数据竞争也可能发生在原始类型变量上（bool、int、int64 等），例如以下示例

type Watchdog struct{ last int64 }

func (w *Watchdog) KeepAlive() {
	w.last = time.Now().UnixNano() // First conflicting access.
}

func (w *Watchdog) Start() {
	go func() {
		for {
			time.Sleep(time.Second)
			// Second conflicting access.
			if w.last < time.Now().Add(-10*time.Second).UnixNano() {
				fmt.Println("No keepalives for 10 seconds. Dying.")
				os.Exit(1)
			}
		}
	}()
}

即使这种“无害”的数据竞争也可能导致难以调试的问题，这些问题是由内存访问的非原子性、对编译器优化的干扰或访问处理器内存时的重新排序问题引起的。

对这种竞争的典型修复是使用通道或互斥锁。为了保留无锁行为，也可以使用 sync/atomic 包。

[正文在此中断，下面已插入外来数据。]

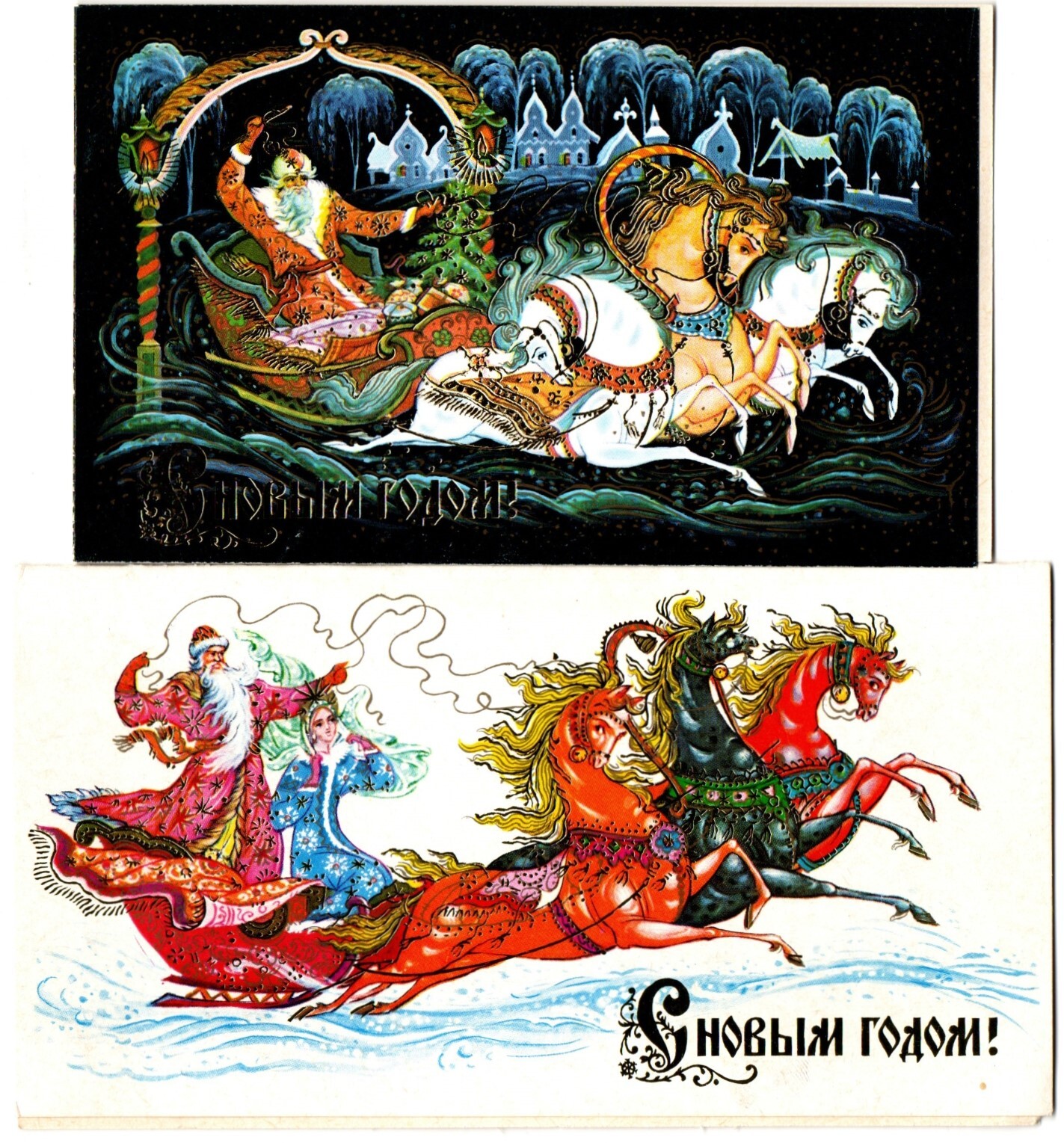 Подборка из 2х штук двойных поздравительных открыток художник К. Андрианов — чистые. Винтажные новогодние открытки времён СССР в стиле Палех это отличный выбор для создания новогоднего настроения! От художника К. Андрианова под любое настроение! Искусство от автора Палех, оригинал. Его произведения хранятся в собраниях Государственного музея Палехского искусства, Государственного русского музея и др.Яркие и интересные сюжеты. Без повторений – каждая открытка эксклюзивна! Отлично подойдет в личную коллекцию и на подарок коллекционерам открыток.

type Watchdog struct{ last int64 }

func (w *Watchdog) KeepAlive() {
	atomic.StoreInt64(&w.last, time.Now().UnixNano())
}

func (w *Watchdog) Start() {
	go func() {
		for {
			time.Sleep(time.Second)
			if atomic.LoadInt64(&w.last) < time.Now().Add(-10*time.Second).UnixNano() {
				fmt.Println("No keepalives for 10 seconds. Dying.")
				os.Exit(1)
			}
		}
	}()
}

不同步的发送和关闭操作

正如这个示例所示，对同一通道的不同步发送和关闭操作也可能是一种竞争条件

c := make(chan struct{}) // or buffered channel

// The race detector cannot derive the happens before relation
// for the following send and close operations. These two operations
// are unsynchronized and happen concurrently.
go func() { c <- struct{}{} }()
close(c)

根据 Go 内存模型，对通道的发送发生在从该通道完成相应的接收之前。要同步发送和关闭操作，请使用一个保证发送在关闭之前完成的接收操作

c := make(chan struct{}) // or buffered channel

go func() { c <- struct{}{} }()
<-c
close(c)

要求

竞争检测器需要启用 cgo，并且在非 Darwin 系统上需要安装 C 编译器。竞争检测器支持 linux/amd64、linux/ppc64le、linux/arm64、linux/s390x、freebsd/amd64、netbsd/amd64、darwin/amd64、darwin/arm64 和 windows/amd64。

在 Windows 上，竞争检测器运行时对安装的 C 编译器版本很敏感；从 Go 1.21 开始，使用 -race 构建程序需要一个 C 编译器，该编译器包含版本 8 或更高版本的 mingw-w64 运行时库。您可以通过使用参数 --print-file-name libsynchronization.a 调用 C 编译器来测试您的 C 编译器。较新的符合标准的 C 编译器将为此库打印完整路径，而较旧的 C 编译器只会回显参数。

运行时开销

竞争检测的成本因程序而异，但对于典型程序，内存使用量可能会增加 5-10 倍，执行时间可能会增加 2-20 倍。

竞争检测器目前为每个 defer 和 recover 语句分配额外的 8 字节。这些额外的分配在协程退出之前不会恢复。这意味着，如果您有一个周期性地发出 defer 和 recover 调用的长时间运行的协程，程序内存使用量可能会无限增长。这些内存分配不会显示在 runtime.ReadMemStats 或 runtime/pprof 的输出中。